For sale: One NBA practice court, used by the Vancouver Grizzlies before the franchise moved to Memphis after the 2000-01 season.
Asking price: $13,000.
Must have: A darn big space to put it.
The practice court where the departed Vancouver Grizzlies worked out during their ill-fated time in Vancouver has been put up for sale on Craigslist.
For $13,000, or much less, according to the owner, someone just needs to come and haul it away. It’s a big haul, mind you, with the NBA regulation-size court 94 feet long by 50 feet wide.
Since the company Extreme Air Park, which now owns the space, placed the ad last Friday, owner Michael Marti has received nearly 60 calls, some of them from Memphis.

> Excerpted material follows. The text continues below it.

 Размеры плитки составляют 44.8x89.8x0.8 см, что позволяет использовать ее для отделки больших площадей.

Coincidentally, the Memphis Grizzlies just had a new $200,000 court installed at FedExForum in September, replacing one that was 10 years old.
Eric Granger, vice-president of arena operations for the Grizzlies, said the average lifespan of an NBA court is 10 years. The court it replaced was set to find new life at a high school or college gymnasium.

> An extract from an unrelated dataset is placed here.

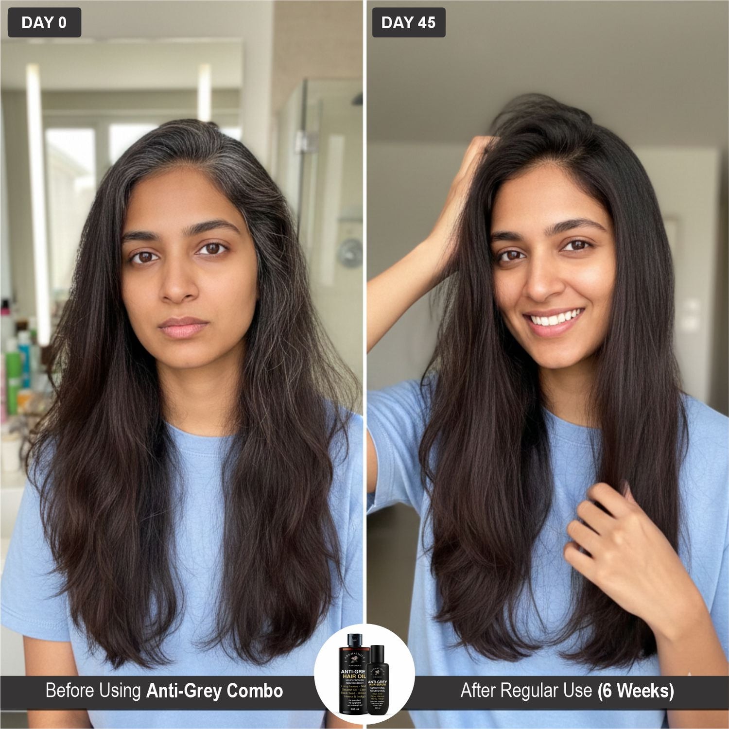 However, consistent use of this combo may help reduce the appearance of new premature grey hair by deeply nourishing the roots.

The Vancouver Grizzlies’ practice court is 12 years old but in great condition, Marti said Monday.
The court was part of Gold’s Gym in the Vancouver suburb of Richmond. The facility has since been sold and is now being redeveloped as a 42,000-square-foot area of interlocking trampolines.
“It’s in terrific shape. If it was beat up and not worth anything, it would have been a no-brainer for us to throw it away,” Marti said in an interview with the Star between fielding phone calls from interested purchasers.

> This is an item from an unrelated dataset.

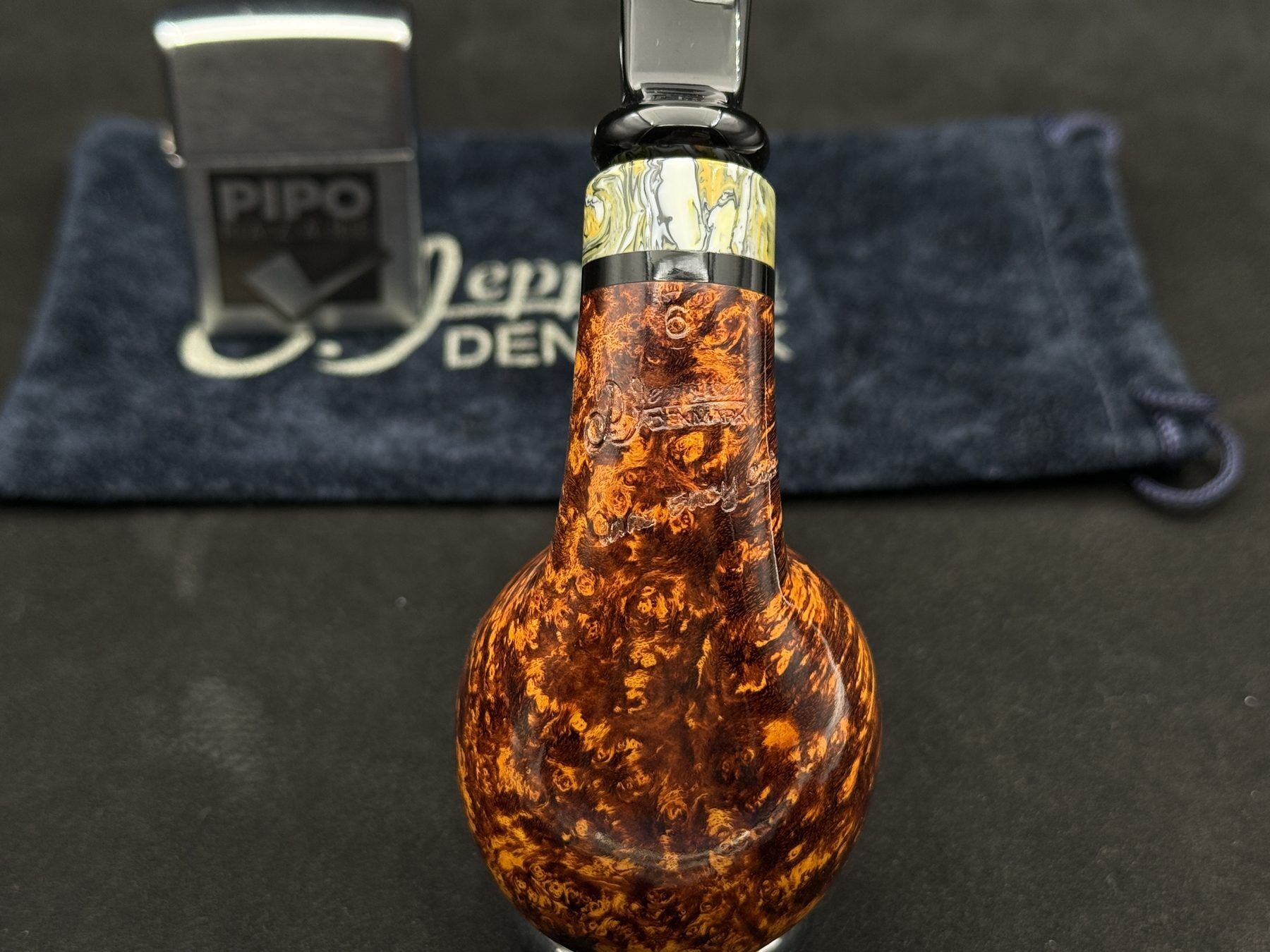 El işçiliğinin getirdiği özgür formlarla Danimarka pipo geleneğini yeniden yorumlayan Peder Jeppesen, IDA serisinde ustalığının en canlı ifadesini ortaya koyuyor. Briar’ın damar yapısını derin bir berraklıkla öne çıkaran özel yüzey işlemi, pipoya kalıcı bir parlaklık kazandırırken; renk ve dokudaki uyum, gözle görülür bir estetik bütünlük yaratıyor. Her bir IDA modeli, Jeppesen’in hem sanatkâr hem de içim deneyimini önemseyen yaklaşımının seçkin bir yansıması…

“We’re trying to look for something that makes sense rather than ripping out this beautiful floor and putting it in the dumpster. It’s the last of the Grizzlies here in Vancouver.”
Some callers have suggested the floor should be placed in the B.C. Sports Hall of Fame while others suggest that it should be used in a school.
From Memphis, one business that manufactures basketball courts asked how easy it was to remove the floor for transport.
Marti said it will take some painstaking work to remove the floor and it will likely have to be cut into sections. The $13,000 price tag he listed on the Craigslist ad was an arbitrary figure. When it comes down to it, Marti said he’ll take a couple of thousands of dollars for the court and hopes someone just hauls it away.
“At the end of the day, for us, we’re a business and it’s not worth anything. But we hope this is of interest to a fan or an organization that might find a way to put it in their facility,” he said.
“It really is in unbelievable condition and great for someone who’s always wanted to own a basketball court with a bit of history to it.”